And most strikingly, it can be heard now on the political right among onetime allies of the
president.
Former Representative Marjorie Taylor
Greene, the Georgia Republican who recently broke with Mr. Trump, advocated
using the 25th Amendment, telling CNN that threatening to destroy Iran’s
civilization was “not tough rhetoric, it’s
insanity.” Candace Owens, the far-right podcaster, called him “a genocidal lunatic.” Alex Jones, the conspiracy
theorist and founder of Infowars, said Mr. Trump “does babble and sounds like
the brain’s not doing too hot.”
Some of the questions
about Mr. Trump’s soundness come from people who once worked with him and have
since become critics. Even before the civilization post, Ty Cobb, a White House
lawyer in Mr. Trump’s first term, told the journalist Jim Acosta that the
president is “a man who is clearly insane” and
that his recent string of belligerent, middle-of-the-night social media posts
“highlights the level of his insanity.” Stephanie Grisham, a former White House
press secretary for Mr. Trump, wrote online last week that “he’s clearly not well.”
Mr. Trump fired back in
a long, angry social media post that did not exactly radiate calm stability.
“They have one thing in common, Low IQs,” he wrote of Ms.
Owens, Mr. Jones, Megyn Kelly and Tucker Carlson. “They’re stupid people, they
know it, their families know it, and everyone else knows it, too!” He threw the
crazy charge back at them. “They’re NUT JOBS, TROUBLEMAKERS, and will say
anything necessary for some ‘free’ and cheap publicity.”
The dissent on the right has not
extended to Congress, where Republican lawmakers remain publicly loyal to the
president, nor has it reached the cabinet, which would have to approve any
invocation of the 25th Amendment, rendering that idea moot. But it reflects
growing unease among Americans who in recent surveys have increasingly
questioned the fitness of Mr. Trump, already the oldest president ever
inaugurated, as he approaches his 80th birthday.

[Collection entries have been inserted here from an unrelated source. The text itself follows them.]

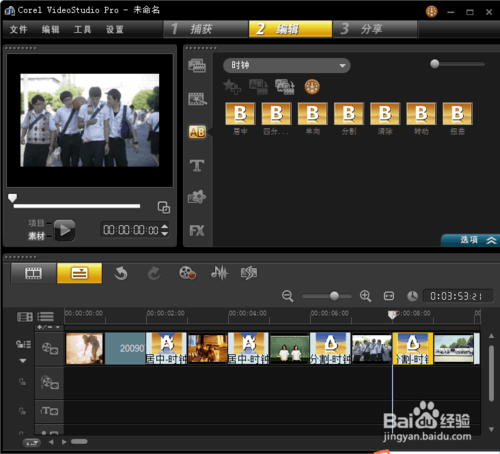 2、點擊轉場按鈕---收藏夾---時鐘,然后選擇第一個時鐘效果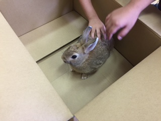 1年生は、生活科の学習で、ウサギのチョコとチロルとのふれあい体験をしました。一人ずつ実際に手で触れてみて「ふわふわしてやわらかかったです。」「あったかかったです。」と言っていました。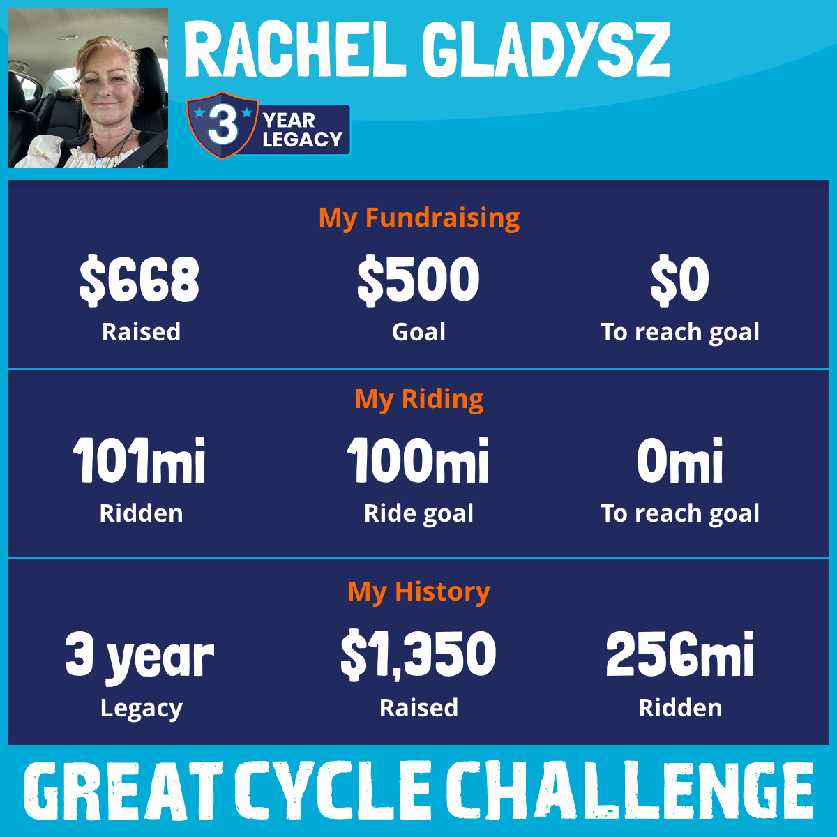 50 mi Ridden$288 Raised2023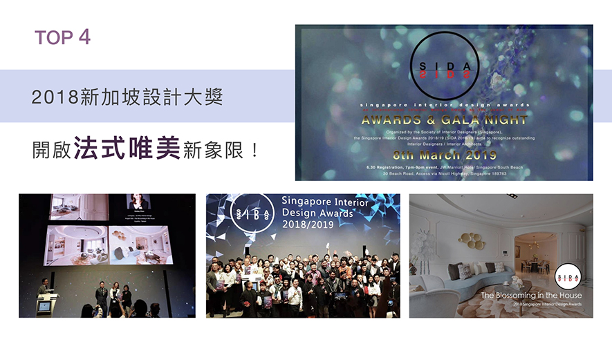 由新加坡室內設計協會積極舉辦的新加坡室內設計大賽(SIDA),立基於推廣國內及亞洲地區設計力量,以亞太區域新興賽事之姿,持續號召並推送秀異設計者登上國際舞台。透過弧形意象敞開空間感受,進而與建築量體外觀的流線造型呼應,達至「Outside in, inside out.」的合度搭配,Debby總監以作品《迷漾巴黎》從容取下「榮譽提名獎」,為現代法式的生活體驗,添上令人欣喜的美感指標!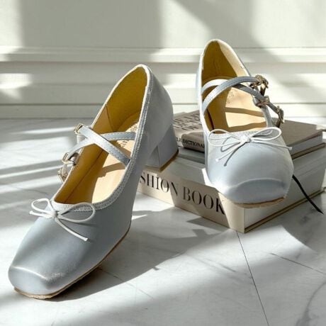 バレエシューズからインスパイアされた、柔らかなカーブのスクエアトゥが上品なサテンシューズ。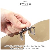 ・メガネにクリップを挟むだけで使える、クリップ式のサングラス。普段のメガネから一瞬でサングラスへと変身。
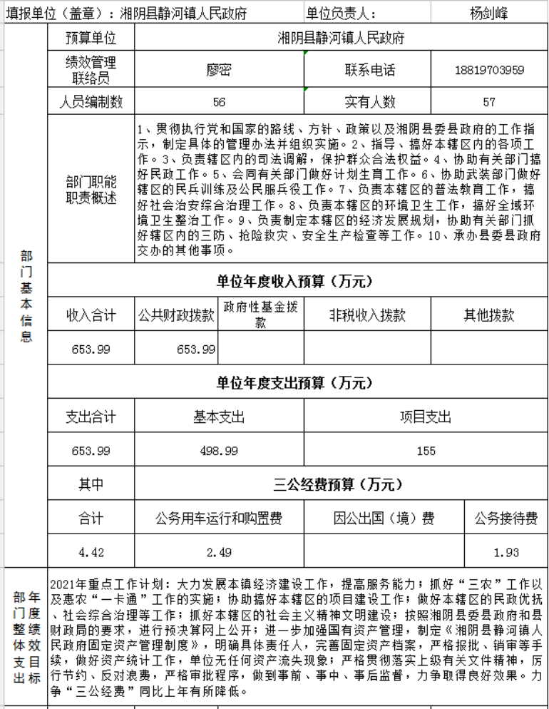 第一部分 湘阴县静河镇人民政府2021年部门预算说明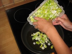 Pripravite ponev, vlijte nekaj žlic olja in pustite na visokem ognju, da se olje segreje. Nato dodajte por. Praži naj se 5-10 minut, katerega mešajte redno. |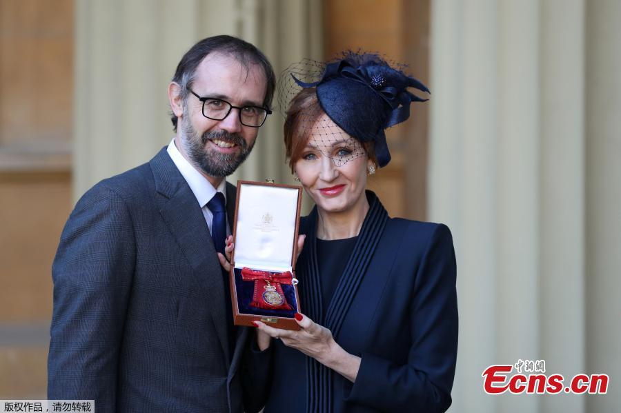 JK Rowling poses for pictures after she was made a Companion of Honour by Britain's Prince William during an Investiture ceremony at Buckingham Palace, in London December 12, 2017. (Photo/Agencies)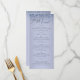This wedding program card features a deep blue background highlighted with ornate silver flourishes for a refined and formal appearance. A crest at the top elegantly frames the monogram initials, while the central section showcases the couple’s names and the complete wedding service details in a clean and organised format. The pairing of rich blue with shimmering silver creates a timeless and sophisticated design, perfect for evening weddings and classic celebrations.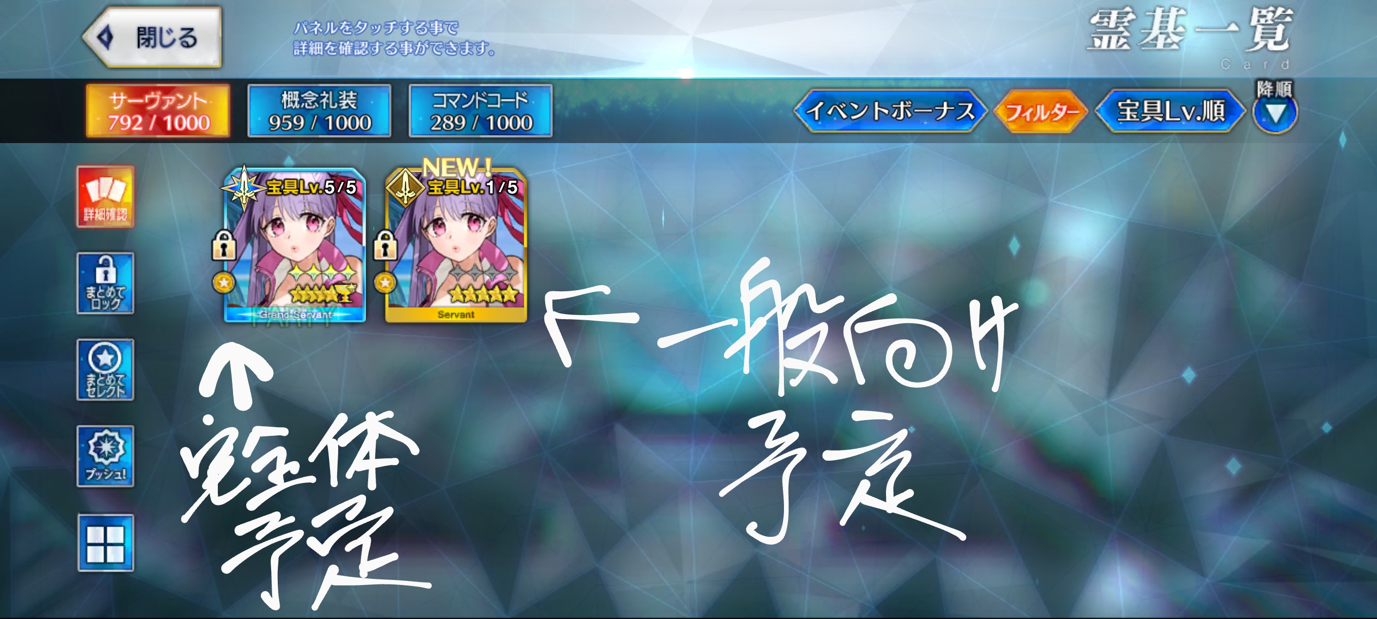 わかりました。ノア(二代目)ですね戴冠予定のキャストリアを120にして聖杯が余りそうなら、推しの2基めを120にしてもいいかな…くらいは考えるかなあ…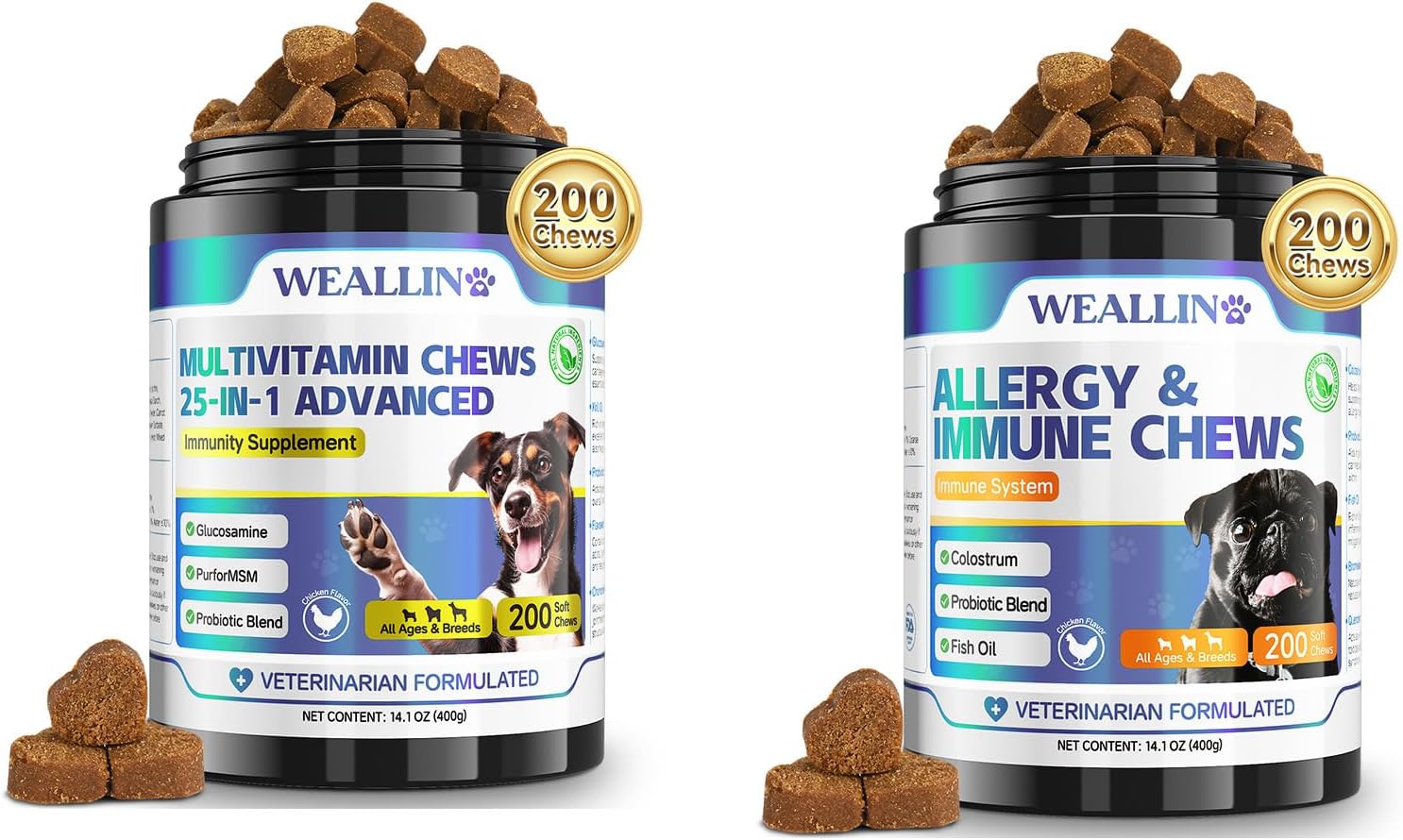 • Everyday Nutritional + Skin Support for Sensitive Dogs Many dogs facing seasonal or skin-related sensitivities also need foundational daily nutrition. WEALLIN’s Daily Vitamin Chews provide essential nutrients for overall wellness, while our Allergy Support Chews offer targeted support for dogs prone to itching or environmental discomfort. Together, they form a well-rounded solution for daily care. Smart support for dogs with skin and nutrition needs in one simple routine.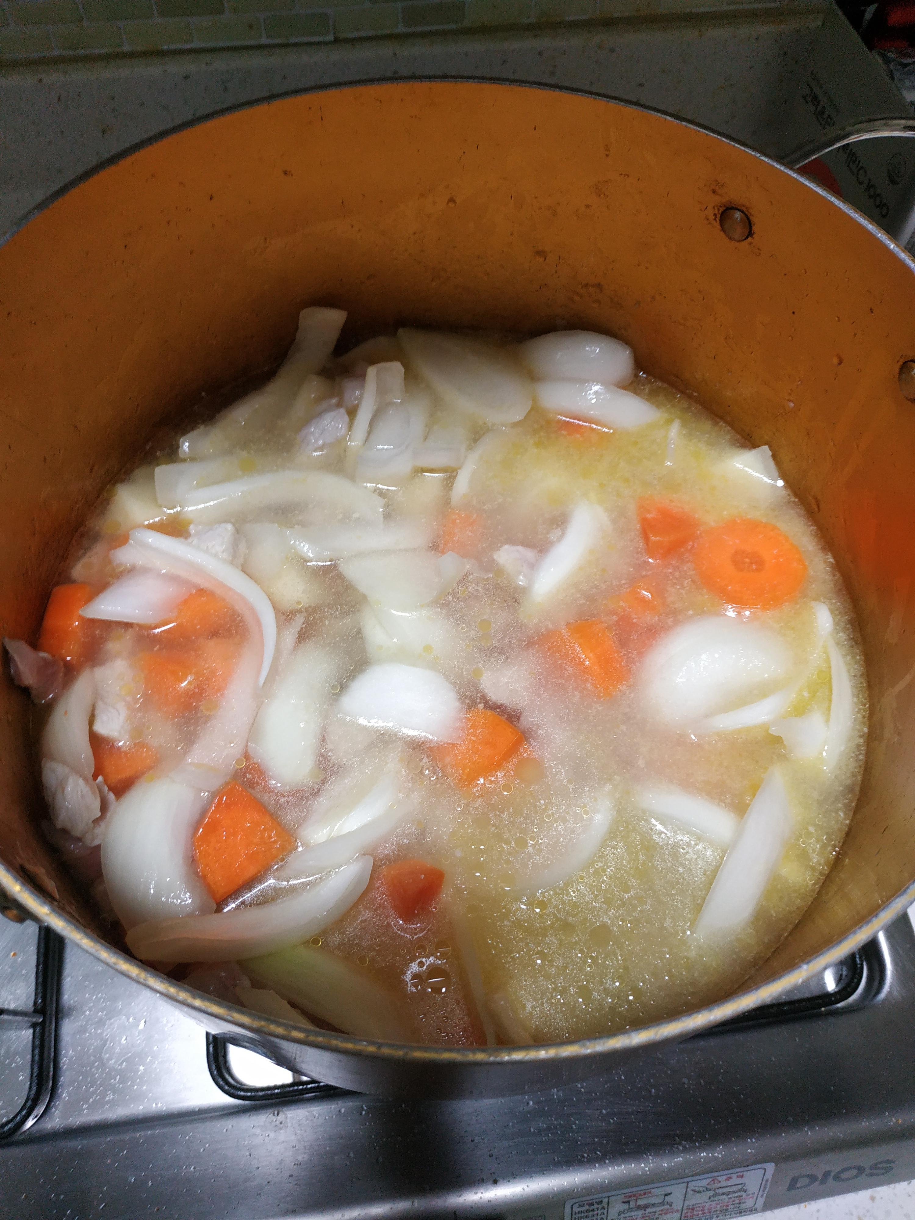 뭐 양파도 투명해지고 고기도 어느정도 익고 감자랑 당근도 어느정도 익어야합니다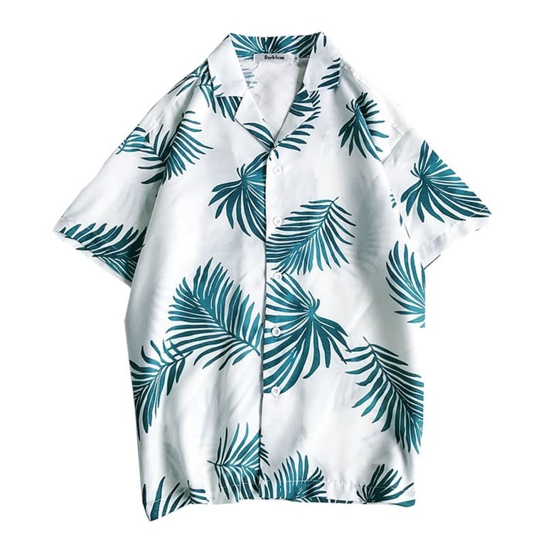 • Men's Hawaiian shirt with short sleeves, buttons on the front, and a collar.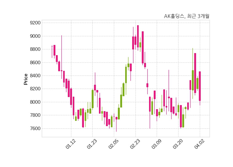 AK홀딩스는 특별관계자 채형석의 지분율이 65.22%에서 65.24%로 변동했다고 02일 공시했다. 한편, AK홀딩스의 15시 20분 현재주가는 8,020원으로 직전 거래일 대비 340원(-4.07%) 하락이며, 거래량은 9,386주이다.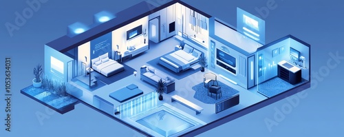 Smart building layout, luxury room technology, detailed infographic, elegant and modern design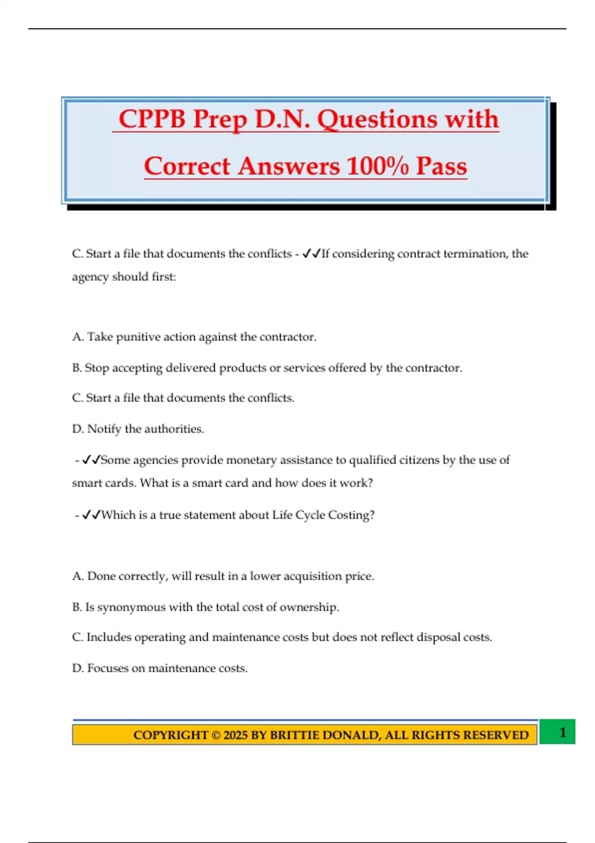 CPPB Prep D.N. Questions with Correct Answers 100% Pass C. Start a file that documents the conflicts - If considering contract termination, the agency should first: A. Take punitive action against the contractor. B. Stop accepting delivered products or services offered by the contractor. C. Start a file that documents the conflicts. D. Notify the authorities. - Some agencies provide monetary assistance to qualified citizens by the use of smart cards. What is a smart card and how does it work? - Which is a true statement about Life Cycle Costing? A. Done correctly, will result in a lower acquisition price. B. Is synonymous with the total cost of ownership. C. Includes operating and maintenance costs but does not reflect disposal costs. D. Focuses on maintenance costs. 2COPYRIGHT © 2025 BY BRITTIE DONALD, ALL RIGHTS RESERVED - A solicitation document currently on the street contains a clause that has been revised by an addendum, which then turns out to be incorrect. What happens if the bid opening date hasn't occurred yet? What happens if the bids have not been opened? Minor irregularites - Failure of a bidder to return the number of signed copies requested, failure of a bidder to acknowledge receipt of an addendum or failure to execute a required certificate are often considered: A. Deal-breakers B. Responsiveness issues C. Minor irregularities D. Major irregularities Making sure that the pricing has not changed. - You've opened some bids and identified the lowest responsive/responsible bidder. However, due to internal issues in the using department, several months have passed without the award being made. Before pressing on, what action, if any, should be taken with the low bidder? Termination for Convenience - A county has a multi-year contract to provide land use planning services for a forthcoming park renovation. Due to a severe funding shortage, all non-critical services have been put on hold for a year (at the earliest). The county has decided to cancel the contract and re-solicit the services when funding is available. Which of the following is the best cancellation method? 3COPYRIGHT © 2025 BY BRITTIE DONALD, ALL RIGHTS RESERVED A. Termination for Default B. Issuance of a Cure Notice C. Termination for Convenience D. Issuance of a Notice of Suspension A protest challenges the award or proposed award of a contract. The dispute is an issue or disagreement with the contracting officer that arises after you have won and been awarded a contract. - What's the difference b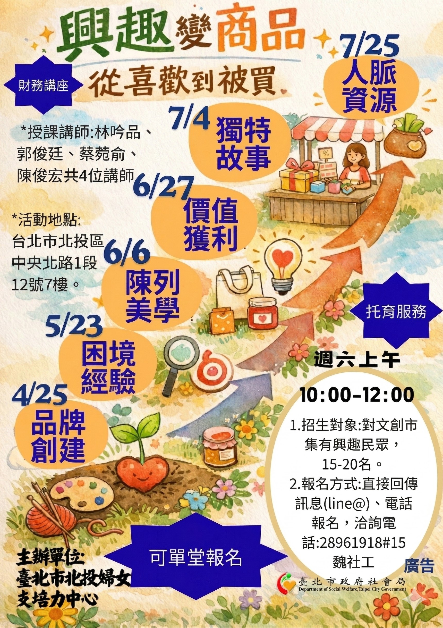 🌿 歡迎對文創市集有興趣的民眾踴躍來電2896-1918#15魏社工報名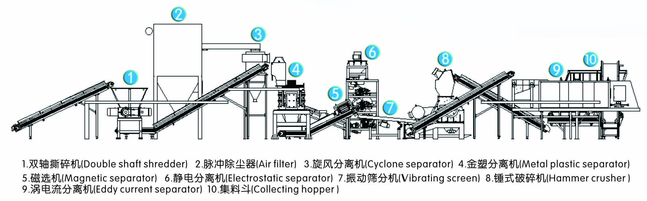 A typical PCB recycling plant would include the following components: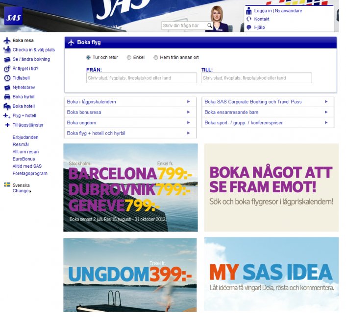 Jag gillar SASgroup webbsida personligen. Det är ändå lätt att navigera. Inte tung heller.

A Reuters/Ipsos poll in February found
that 61 percent of Americans think Mr. Trump has become more erratic with age
and just 45 percent say he is “mentally sharp and able to deal with
challenges,” down from 54 percent in 2023. Roughly half of Americans, 49
percent, deemed Mr. Trump too old to be president when asked in a YouGov poll in September,
up from 34 percent in February 2024, while just 39 percent said he was not too
old.
Democrats have pressed the point in
recent days. Mr. Trump is “an extremely sick person” (Senator Chuck Schumer
of New York), “unhinged” and “out of control” (Representative
Hakeem Jeffries of New York) or, more bluntly, “batshit crazy” (Representative Ted Lieu of
California). Representative Jamie Raskin of Maryland, wrote the White House
physician requesting an evaluation, noting “signs consistent with dementia and
cognitive decline” and “increasingly incoherent, volatile, profane, deranged,
and threatening” tantrums.
The president’s
defenders pushed back. What critics call psychosis, they call strategy.
“Trump knows exactly
what he is doing,” wrote Liz Peek,
a columnist for the Hill and Fox News contributor. “Trump will continue to use
maximalist (and sometimes outrageous) military and diplomatic pressure in his
campaign to rid the Middle East of Iran’s near 50-year campaign of terror.”
Mr. Trump, who in his first term
described himself as “a very stable genius” and has regularly boasted
of passing cognitive tests meant to detect dementia, dismissed the criticism of
his mental state when asked by a reporter last week.
“I haven’t heard that,”
he said. “But if that’s the case, you’re going to have to have more people like
me because our country was being ripped off on trade, on everything, for many
years until I came along. So if that’s the case, you’re going to have to have
more people.”
Asked for elaboration,
Davis Ingle, a White House spokesman, said in an email: “President Trump’s
sharpness, unmatched energy, and historic accessibility stand in stark contrast
to what we saw during the past four years.” He argued that Mr. Biden had declined
physically and mentally in that time and that The New York Times and other
media had covered it up. (The Times covered Mr. Biden’s health and age extensively in multiple stories.)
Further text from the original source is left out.